• **Material provided**:
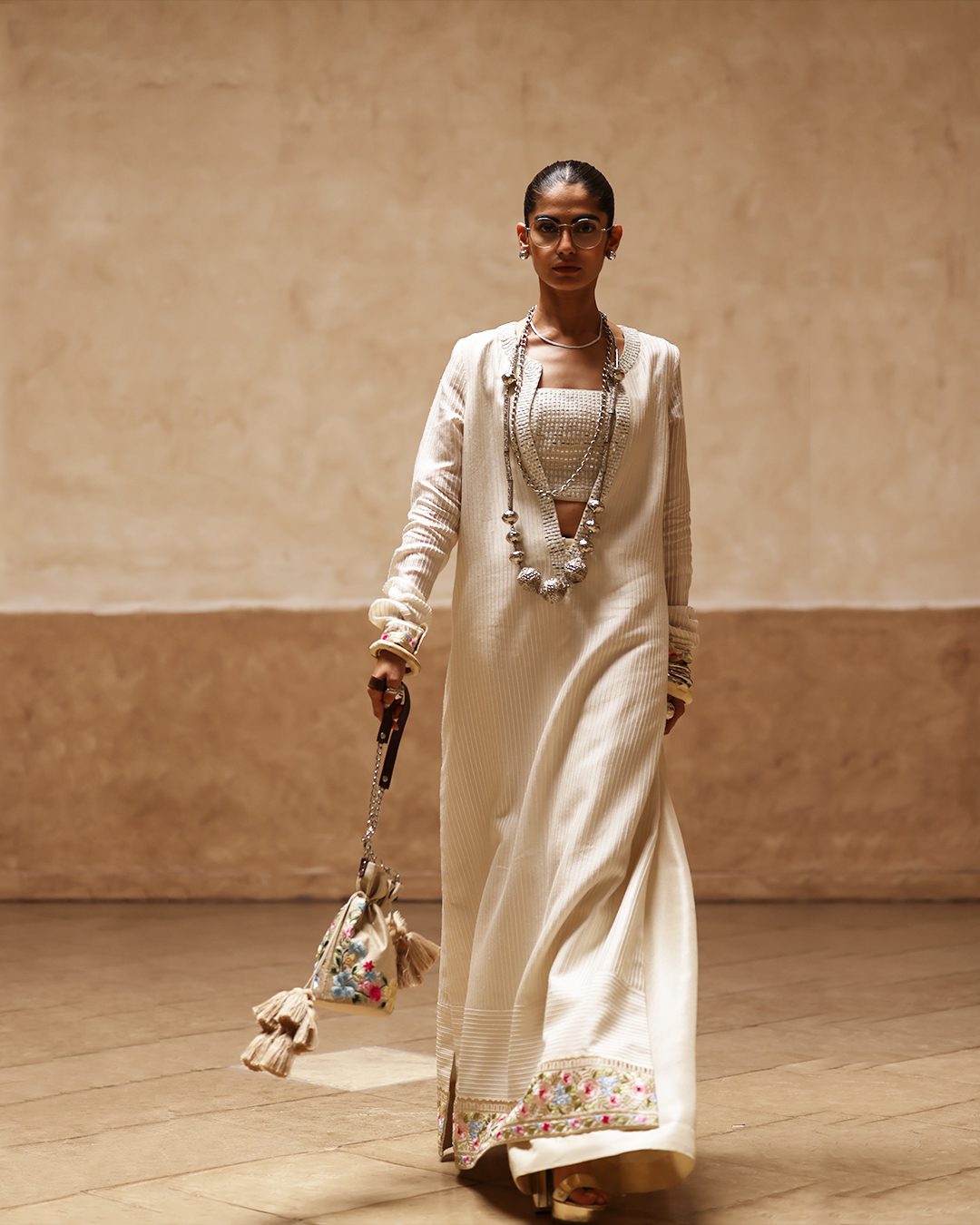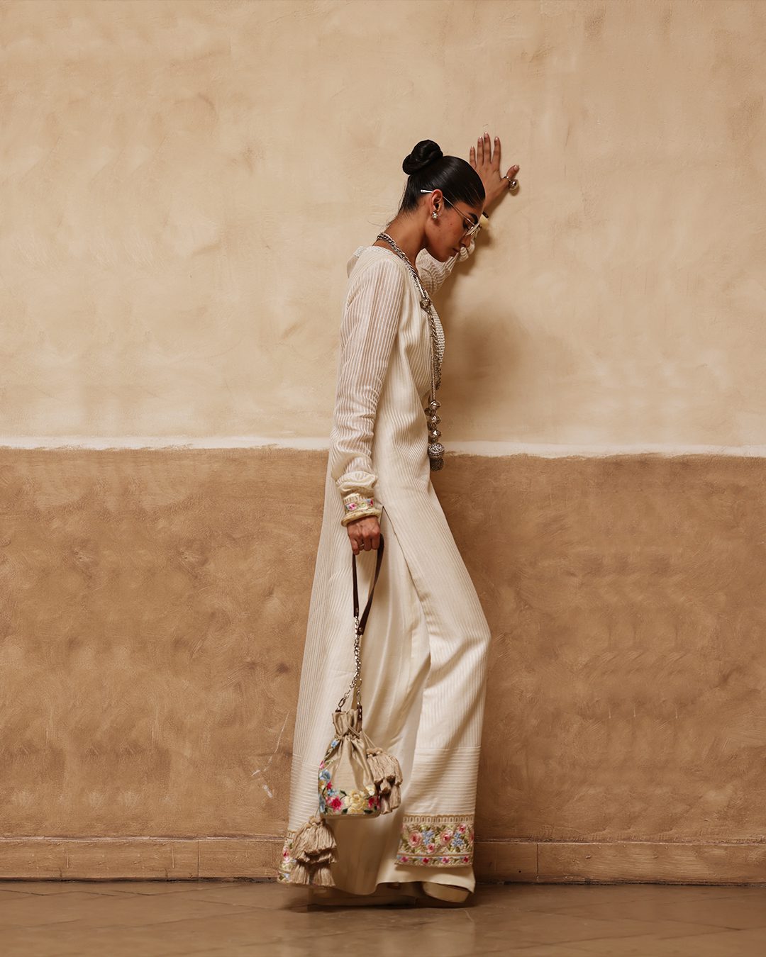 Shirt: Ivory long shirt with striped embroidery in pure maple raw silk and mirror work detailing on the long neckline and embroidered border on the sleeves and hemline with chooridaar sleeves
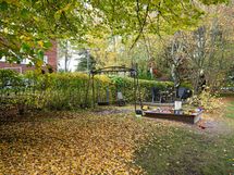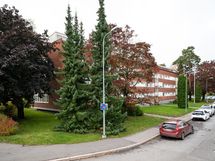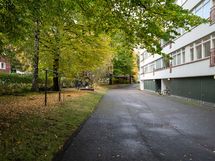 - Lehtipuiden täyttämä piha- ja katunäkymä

---

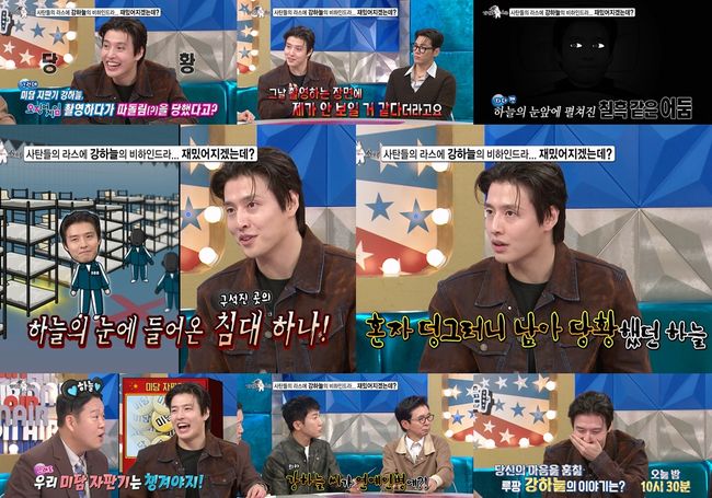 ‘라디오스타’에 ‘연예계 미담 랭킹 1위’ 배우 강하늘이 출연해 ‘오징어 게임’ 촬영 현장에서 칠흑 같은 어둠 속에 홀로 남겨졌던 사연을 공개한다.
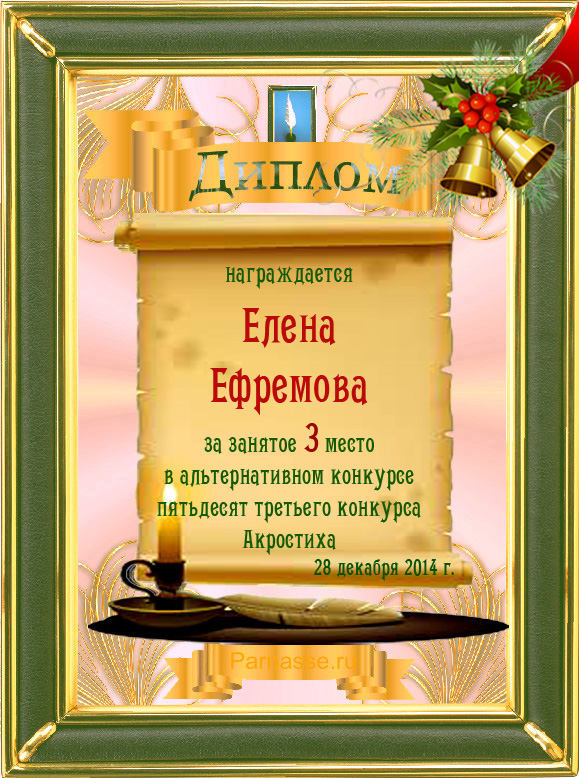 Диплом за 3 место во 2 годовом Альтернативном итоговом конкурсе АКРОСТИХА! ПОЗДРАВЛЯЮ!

• **Exercise brief**:
Copy exactly, without pictures, the lines above from the one with "Shirt: Ivory long" down to the one with "- Lehtipuiden täyttämä piha- ja katunäkymä", inclusive.

• **Written solution**:
 Shirt: Ivory long shirt with striped embroidery in pure maple raw silk and mirror work detailing on the long neckline and embroidered border on the sleeves and hemline with chooridaar sleeves
 - Lehtipuiden täyttämä piha- ja katunäkymä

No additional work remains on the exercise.